The North American Mission Board recently hosted the final retreat for pastors and their wives of the 2022 season and announced a new name for the events in 2023 — Refresh Retreats.
Ministry couples face unique challenges as they carry out their vocation, and NAMB has designed its Refresh Retreats to come alongside and encourage pastors and their wives in a way that helps them remain faithful in their ministries.
NAMB hosted 10 such retreats in 2022 across the United States, ministering to more than 1,800 pastors and their wives. During the final event just outside Atlanta, Nov. 1–3, experienced pastors like Greg Matte, Michael Catt, Steve Gaines, Mark Lowery and Tim Dowdy addressed attendees.
In the Nov. 2 session, Greg Matte, pastor of Houston’s First Baptist Church, reminded pastors, based on Colossians 3, of the importance of maintaining their hearts and keeping their priorities in order.
“I’m telling you; only secure people can really love,” Matte said. “Don’t use ministry to have your dysfunction met. You cannot get into the pulpit to have your need for security met. … You’ve got to step into the ministry already a success in Jesus’s eyes.”
Colossians 3 opens with a reminder of the Christian’s identity of being raised with Christ, who is seated at God’s right hand. That reality changes a person and cultivates a heart to want to be with Christ and to pursue Christlikeness, which is fulfilled through the ministry of the Holy Spirit in the pastor’s heart and life, Matte said.
Being with Jesus
With the heart filled through a passion for Christ, the pastor can then more fully minister first to his home and then his church.
“It’s been said that if you take care of the ministry, God will take care of the house,” Matte said. “I want to flip that and say if you take care of your house, God will take care of your ministry.”
Michael Catt, who recently retired as pastor of Sherwood Baptist Church in Albany, Georgia, shared about the challenges of ministry and the need for pastors to be with Jesus and to encourage their people to see Jesus.

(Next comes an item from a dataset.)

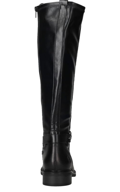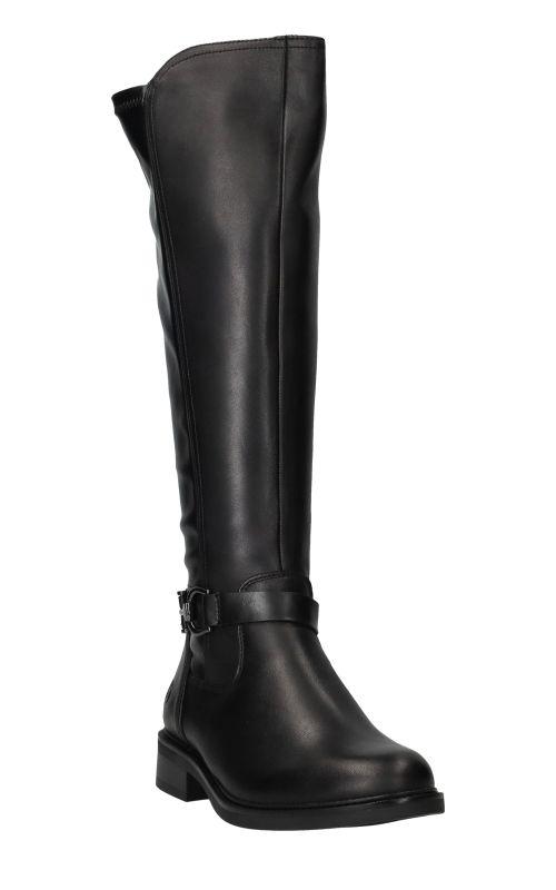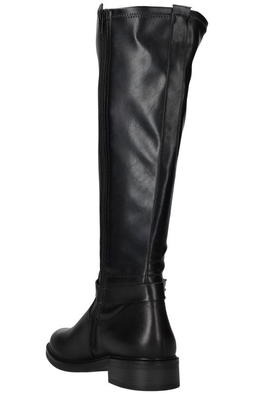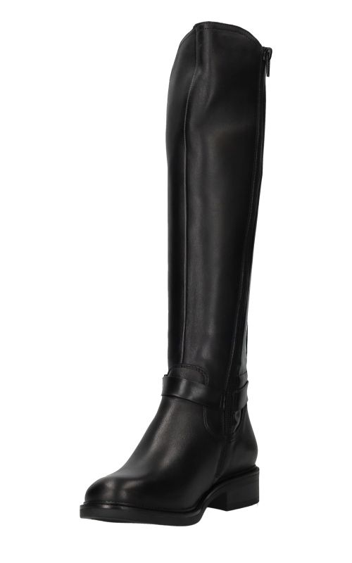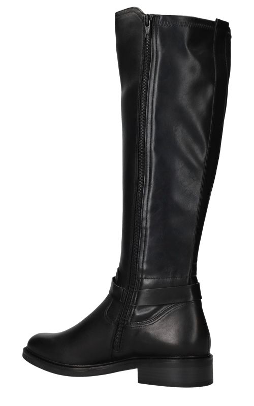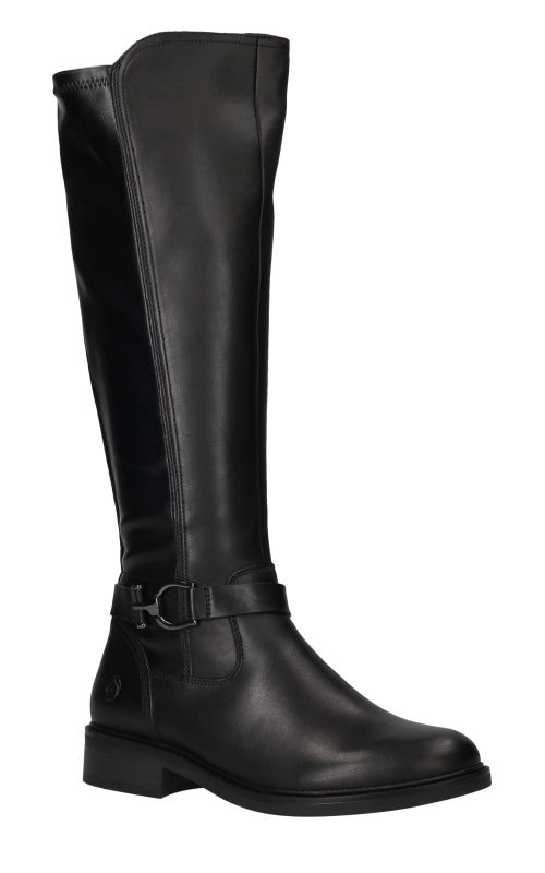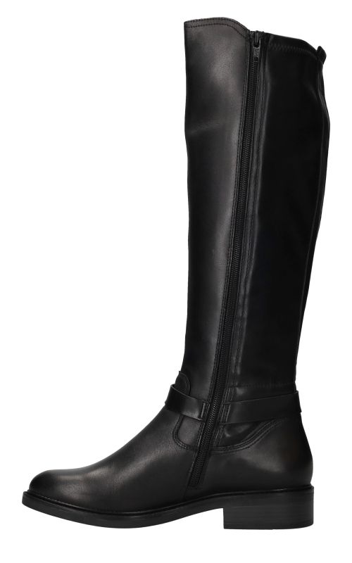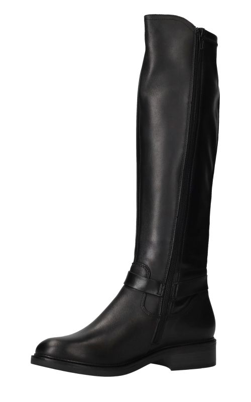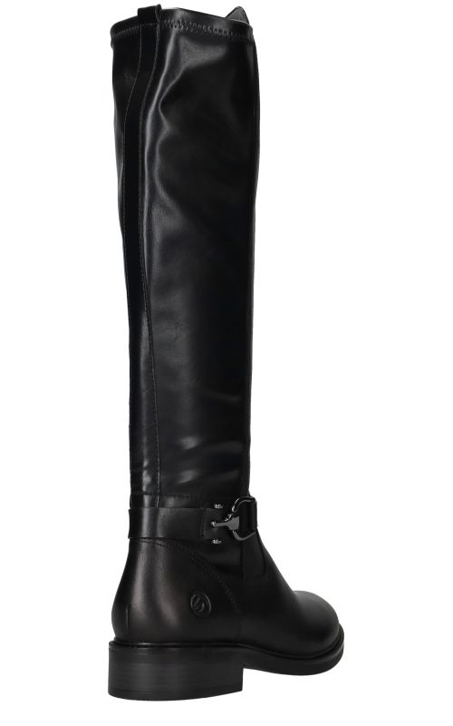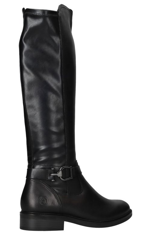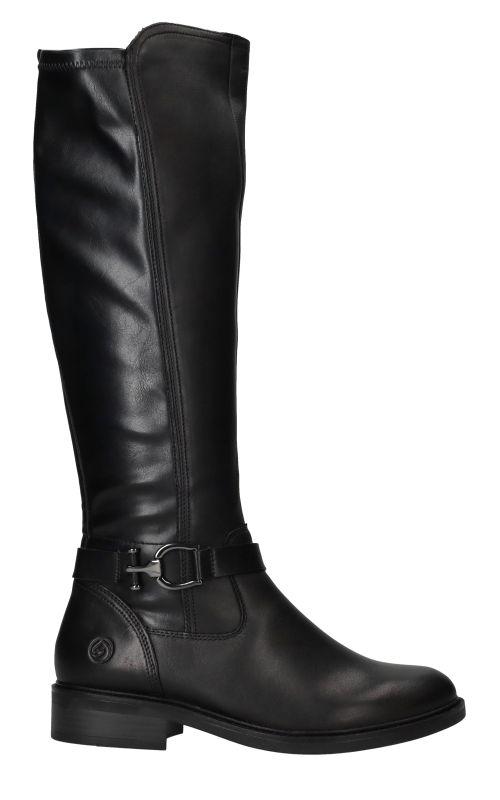 Deze elegante Remonte laarzen in zwart leer en kunstleer zijn een tijdloze keuze voor modebewuste vrouwen. De hoge schacht geeft een klassieke en stijlvolle uitstraling, terwijl de stevige zool zorgt voor stabiliteit. Dankzij de comfortabele voetbreedte G en de vario-inzet sluiten de laarzen mooi aan bij verschillende kuitbreedtes. Perfect voor dames die elegantie en comfort willen combineren.

“If you’re breathing, you’re going to have problems,” Catt said. “If you wake up and the devil’s not bothering you, it’s because you’re not bothering him.”
Catt addressed the need to lead a church to become a congregation that loves Jesus Christ and reaches people with the hope of the gospel.
“Religious people don’t like Jesus. They like religion. They like deistic moralism,” Catt said. “They don’t want God in the midst of them. They want rules and regulations. … We’ve done nothing to get rid of Pharisees in 2,000 years.”
Three words from Matthew 11:28–30 offer life-changing hope for a pastor: Come, take, learn. Come to Jesus, take His yoke and learn from Him.
“Jesus says come, show up. Get with me!” Catt said. “Remember the first thing Jesus said to his disciples was that they would be with him.”
NAMB’s retreats are also designed to serve pastors’ wives, and various speakers spent time investing in them during their own sessions. Kathy Litton, NAMB’s director of spouse development for Send Network, has been involved in ministering to pastors’ wives during NAMB’s retreats for ministry couples in recent years.
Tara Dew led multiple sessions on Nov. 2. She is the wife of New Orleans Baptist Theological Seminary President Jamie Dew and the director of Thrive, the seminary’s certificate program for ministry wives.
“Pastors’ wives serve their husbands, families, churches and communities so faithfully week in and week out,” Dew said in comments after the retreat.
“Encouraging and equipping them in some small way is one of the passions of my heart,” he noted, “I count it such a privilege to have served them at the NAMB Retreat and loved every minute we had together.”
Morris Johnson, pastor of Integrity Baptist Church in Hueytown, Alabama, attended the retreat with his wife Derry.
“It is life-changing, reinforcing basic biblical qualities — that I owe a relationship first to God, then my family then to the church,” Johnson said. “We’re looking for a renewed thrust in the ministry in changing peoples’ lives with those same, basic three principles.”
The new name for NAMB’s retreats for ministry couples — Refresh — was offered to NAMB by Michael Catt, who hosted conferences for pastors by that name throughout his years of ministry.
“NAMB needs to keep continuing because this is so meaningful to pastors,” Johnson said.